"""

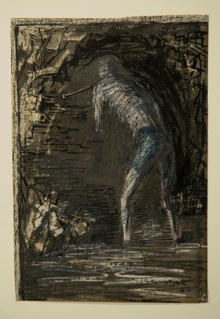 This work dates from Henry's Moore's time as an official war artist in the Second World War. During this period he produced some of his most powerful and moving drawings. After he had completed the Shelter drawings of 1941, studies of Londoners taking refuge from the Blitz in the underground, he visited the Wheldale Colliery in his home town of Castleford in West Yorkshire, where he recorded the miners at work. Mining was a reserved occupation during wartime and Moore was himself the son of a miner.
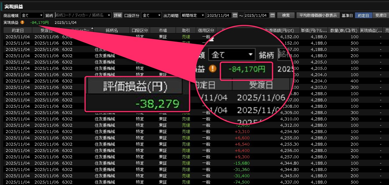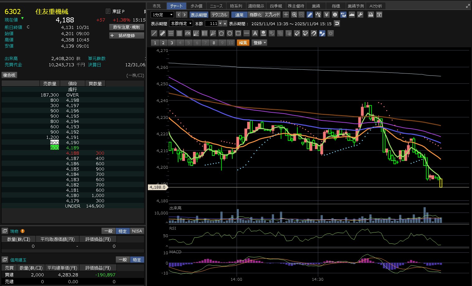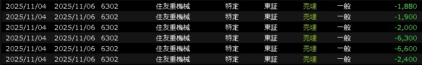 ワイの今日の取引です。住友重機械工業ばかり見ていました。
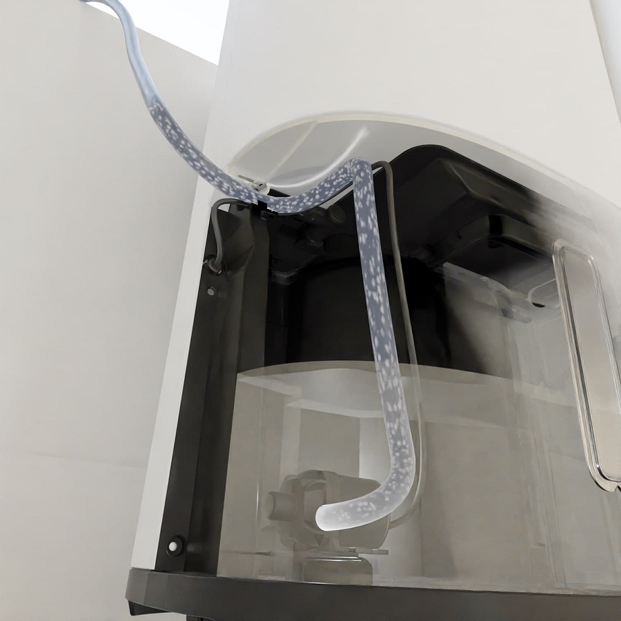 Pomocí dodaného adaptéru lze k odvlhčovači připojit standardní zahradní hadici s průměrem 12,5 mm a odvádět kondenzát z nádržky samospádem přímo do odpadu.
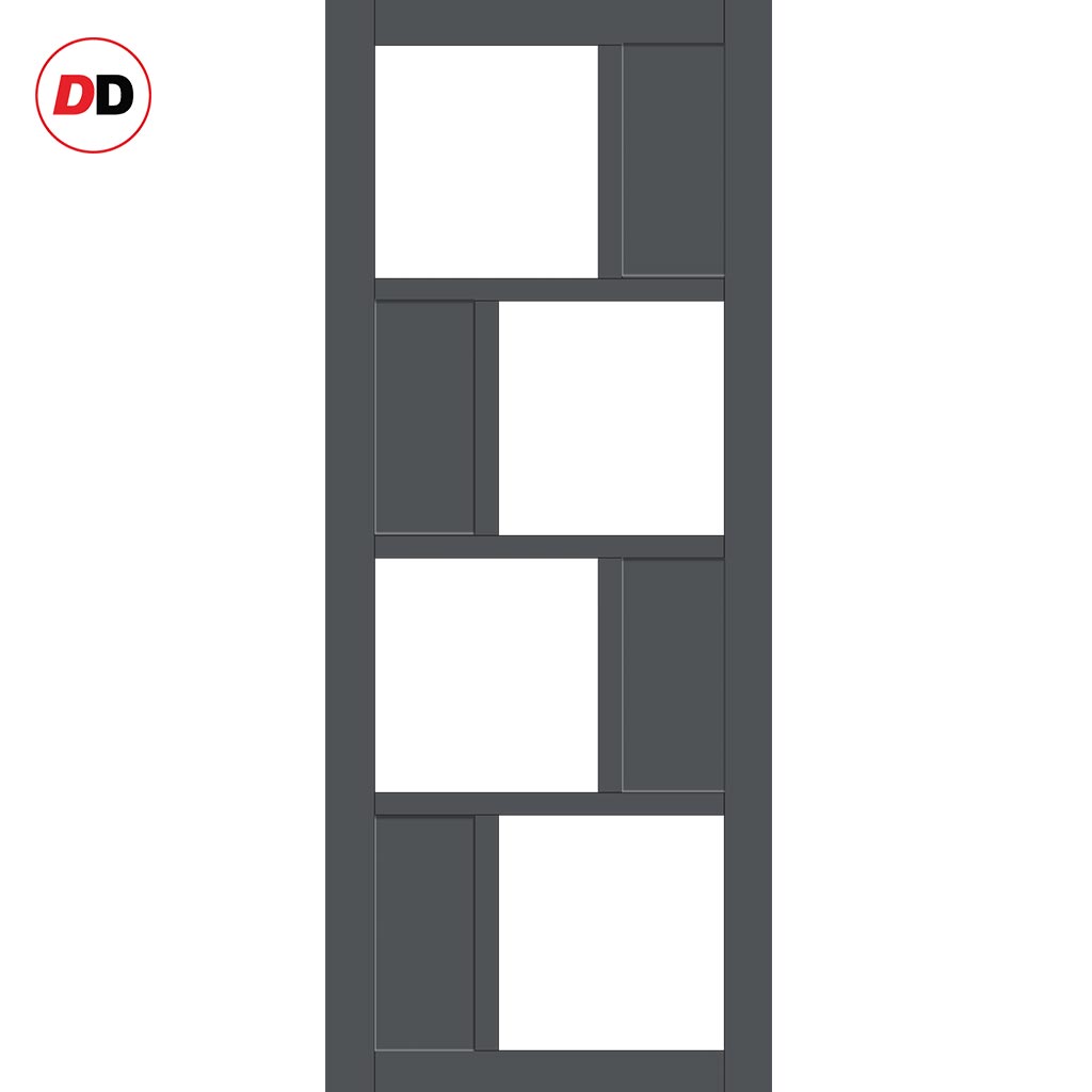 Handmade Eco-Urban Cusco 4 Pane 4 Panel Solid Wood Internal Door UK Made DD6416G Clear Glass - Eco-Urban® Stormy Grey Premium Primed
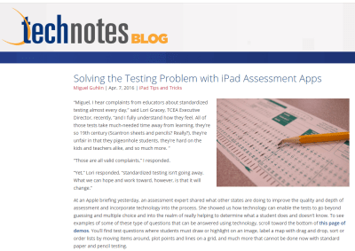 At an Apple briefing yesterday, an assessment expert shared what other states are doing to improve the quality and depth of assessment and incorporate technology into the process. She showed us how technology can enable the tests to go beyond guessing and multiple choice and into the realm of really helping to determine what a student does and doesn’t know. To see examples of some of these type of questions that can be answered using technology, scroll toward the bottom of this page of demos. You’ll find test questions where students must draw or highlight on an image, label a map with drag and drop, sort or order lists by moving items around, plot points and lines on a grid, and much more that cannot be done now with standard paper and pencil testing.
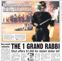 Is it or isn’t it? The New York Post prints a photo that’s sparked a lively debate about its authenticity. Many have questioned whether this in-the-street-kiss photo, taken during the Vancouver riots, which erupted after the Canucks’ Stanley Cup loss on Wednesday, was staged.
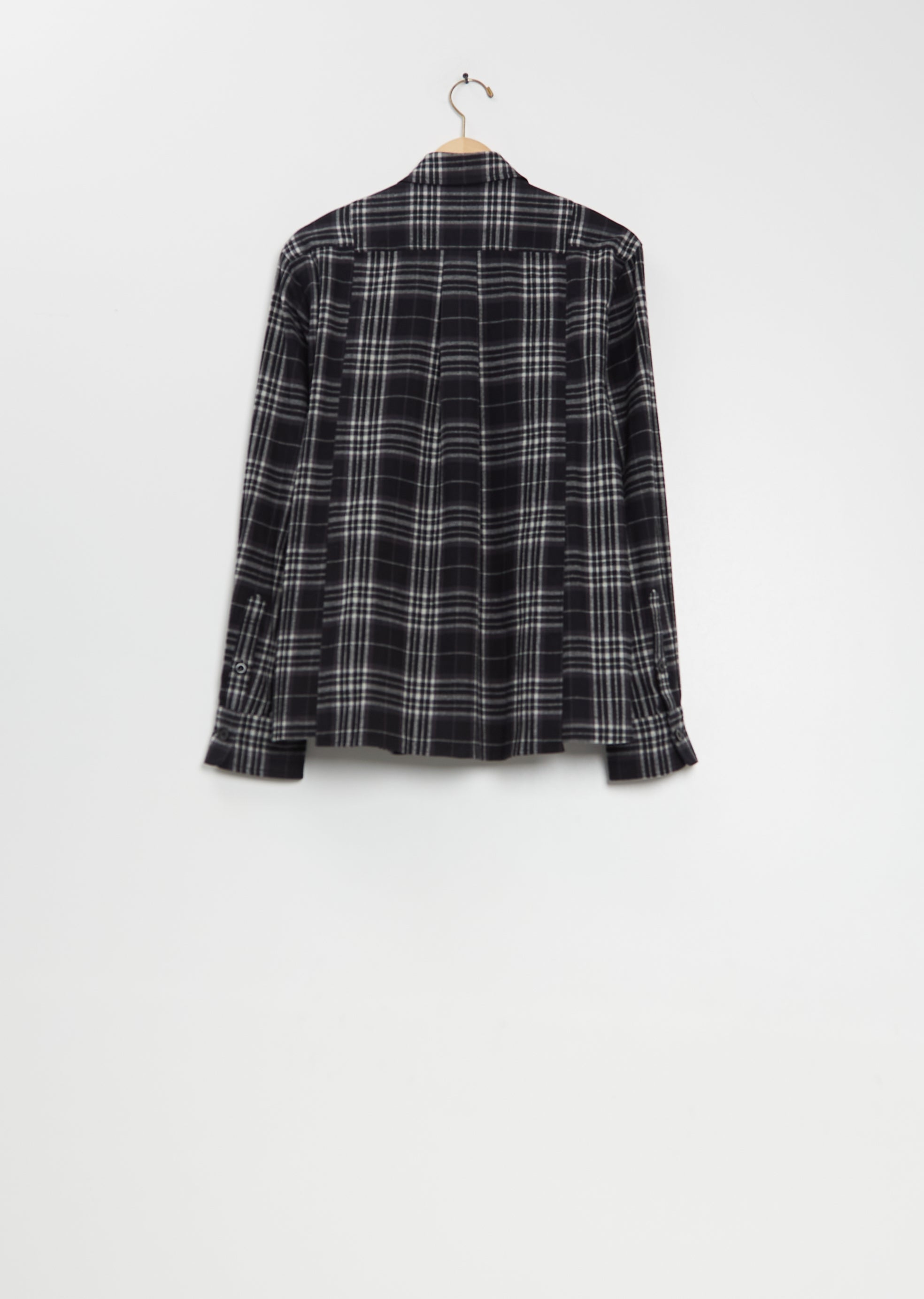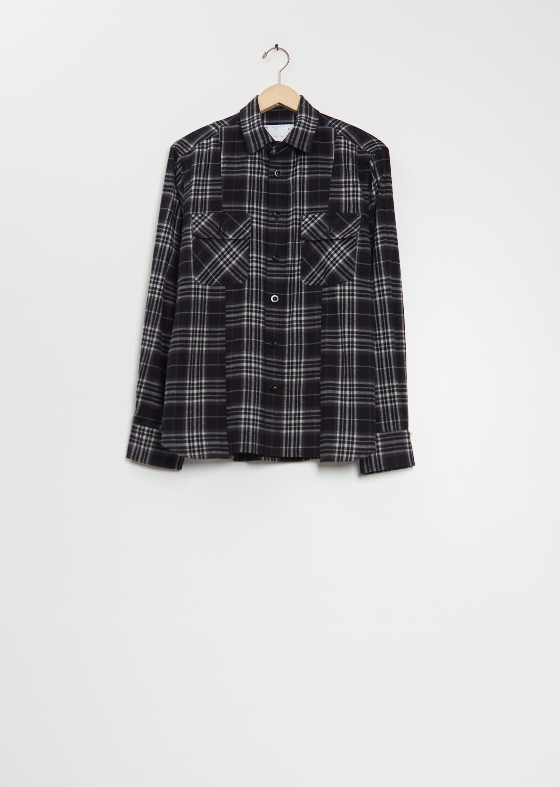 Sacai black plaid shirt with a classic collar and split construction in cotton flannel. Features buttoned flap chest pockets, buttoned cuffs, curved hem with herringbone taped gusset, box pleat at back yoke, and a tonal button front.

"""

§ WHAT THE EXERCISE ASKS
Beginning with the line containing "Handmade Eco-Urban Cusco" and ending with the last line of the data, output those lines exactly and nothing more. Omit every picture.

§ TASK RESPONSE
 Handmade Eco-Urban Cusco 4 Pane 4 Panel Solid Wood Internal Door UK Made DD6416G Clear Glass - Eco-Urban® Stormy Grey Premium Primed
 At an Apple briefing yesterday, an assessment expert shared what other states are doing to improve the quality and depth of assessment and incorporate technology into the process. She showed us how technology can enable the tests to go beyond guessing and multiple choice and into the realm of really helping to determine what a student does and doesn’t know. To see examples of some of these type of questions that can be answered using technology, scroll toward the bottom of this page of demos. You’ll find test questions where students must draw or highlight on an image, label a map with drag and drop, sort or order lists by moving items around, plot points and lines on a grid, and much more that cannot be done now with standard paper and pencil testing.
 Is it or isn’t it? The New York Post prints a photo that’s sparked a lively debate about its authenticity. Many have questioned whether this in-the-street-kiss photo, taken during the Vancouver riots, which erupted after the Canucks’ Stanley Cup loss on Wednesday, was staged.
 Sacai black plaid shirt with a classic collar and split construction in cotton flannel. Features buttoned flap chest pockets, buttoned cuffs, curved hem with herringbone taped gusset, box pleat at back yoke, and a tonal button front.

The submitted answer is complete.